Concomitant use of Xtampza ER with CYP3A4 inducers or discontinuation of a CYP3A4 inhibitor could decrease oxycodone plasma concentrations, decrease opioid efficacy or, possibly, lead to a withdrawal syndrome in a patient who had developed physical dependence to oxycodone. When using Xtampza ER with CYP3A4 inducers or discontinuing CYP3A4 inhibitors, monitor patients closely at frequent intervals and consider increasing the opioid dosage if needed to maintain adequate analgesia or if symptoms of opioid withdrawal occur.
Risks Due to Interactions with Central Nervous System Depressants
Hypotension, profound sedation, respiratory depression, coma, and death may result if Xtampza ER is used concomitantly with other central nervous system (CNS) depressants (eg, benzodiazepines and other sedative-hypnotics, anxiolytics, tranquilizers, muscle relaxants, general anesthetics, antipsychotics, and other opioids). If coadministration is required, start with one-third to one-half the usual dose of Xtampza ER; monitor patients for signs of respiratory depression, sedation and hypotension; and consider using a lower dose of the concomitant CNS depressant. Use an alternative analgesic for patients who require a dose of Xtampza ER less than 9 mg.

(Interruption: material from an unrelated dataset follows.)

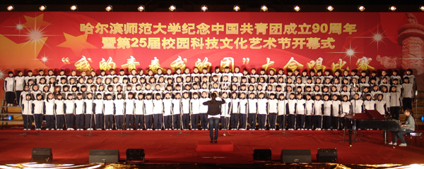 为庆祝中国共青团成立九十周年,大力弘扬“五四”爱国主义精神,传承历史使命,谱写青春华章,团委于5月14日下午在体育馆隆重举行第25届校园科技文化艺术节“我的青春我的团”大合唱比赛初赛。
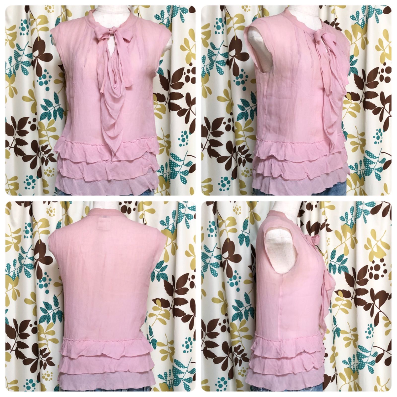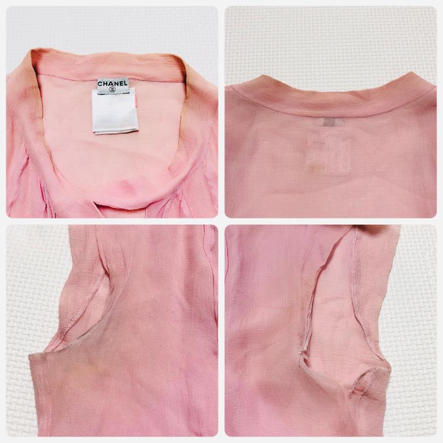 ■商品概要CHANEL シャネルシルク100%ボウタイブラウスフレンチスリーブ裾フリルレイヤードsize36(サイズS)フランス製ピンクレディースラグジュアリー ハイブランド 高級

Risk of Life-Threatening Respiratory Depression in Elderly, Cachectic, and Debilitated Patients
Life-threatening respiratory depression is more likely to occur in elderly, cachectic, or debilitated patients, as they may have altered pharmacokinetics or altered clearance compared to younger, healthier patients. Monitor such patients closely, particularly when initiating and titrating Xtampza ER and when Xtampza ER is given concomitantly with other drugs that depress respiration. Use an alternative analgesic for patients who require a dose of Xtampza ER less than 9 mg.

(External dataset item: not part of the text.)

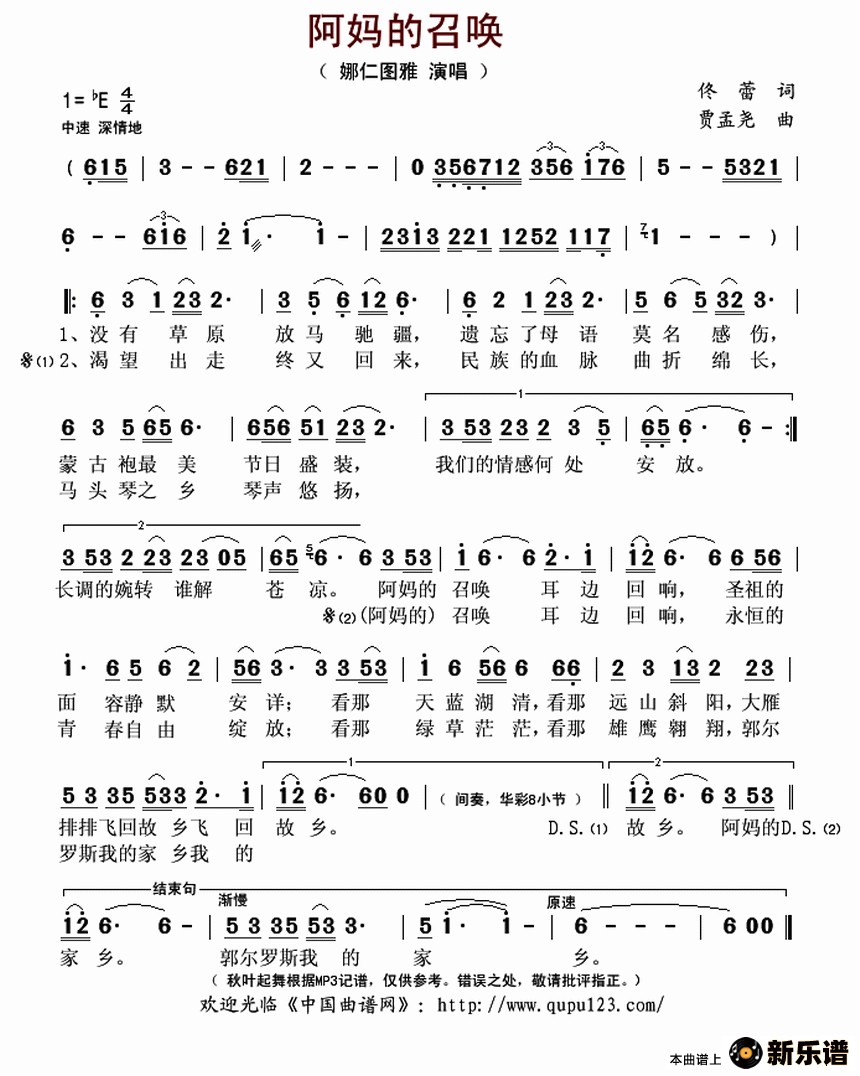 娜仁图雅演唱的阿妈的召唤歌词,阿妈的召唤简谱.

Risk of Life-Threatening Respiratory Depression in Patients with Chronic Pulmonary Disease
The use of Xtampza ER in patients with acute or severe bronchial asthma in an unmonitored setting or in the absence of resuscitative equipment is contraindicated.

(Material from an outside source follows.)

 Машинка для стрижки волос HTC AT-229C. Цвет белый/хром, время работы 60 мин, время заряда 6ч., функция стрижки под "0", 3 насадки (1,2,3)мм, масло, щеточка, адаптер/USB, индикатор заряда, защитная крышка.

Xtampza ER–treated patients with significant chronic obstructive pulmonary disease or cor pulmonale, and those with a substantially decreased respiratory reserve, hypoxia, hypercapnia, or preexisting respiratory depression, are at increased risk of decreased respiratory drive, including apnea, even at recommended dosages of Xtampza ER.
Adrenal Insufficiency
Cases of adrenal insufficiency have been reported with opioid use, more often after more than 1 month of use. Presentation of adrenal insufficiency may include nonspecific symptoms and signs, including nausea, vomiting, anorexia, fatigue, weakness, dizziness, and low blood pressure. If adrenal insufficiency is suspected, confirm the diagnosis with diagnostic testing as soon as possible. If adrenal insufficiency is diagnosed, treat with physiologic replacement doses of corticosteroids. Wean the patient off of the opioid to allow adrenal function to recover and continue corticosteroid treatment until adrenal function recovers. Other opioids may be tried as some cases reported use of a different opioid without recurrence of adrenal insufficiency. The information available does not identify any particular opioids as being more likely to be associated with adrenal insufficiency.
Severe Hypotension
Xtampza ER may cause severe hypotension, including orthostatic hypotension and syncope in ambulatory patients. There is an increased risk in patients whose ability to maintain blood pressure has already been compromised by a reduced blood volume or concurrent administration of certain CNS depressant drugs (eg, phenothiazines or general anesthetics). Monitor these patients for signs of hypotension after initiating or titrating the dosage of Xtampza ER. In patients with circulatory shock, Xtampza ER may cause vasodilation that can further reduce cardiac output and blood pressure. Avoid the use of Xtampza ER in patients with circulatory shock.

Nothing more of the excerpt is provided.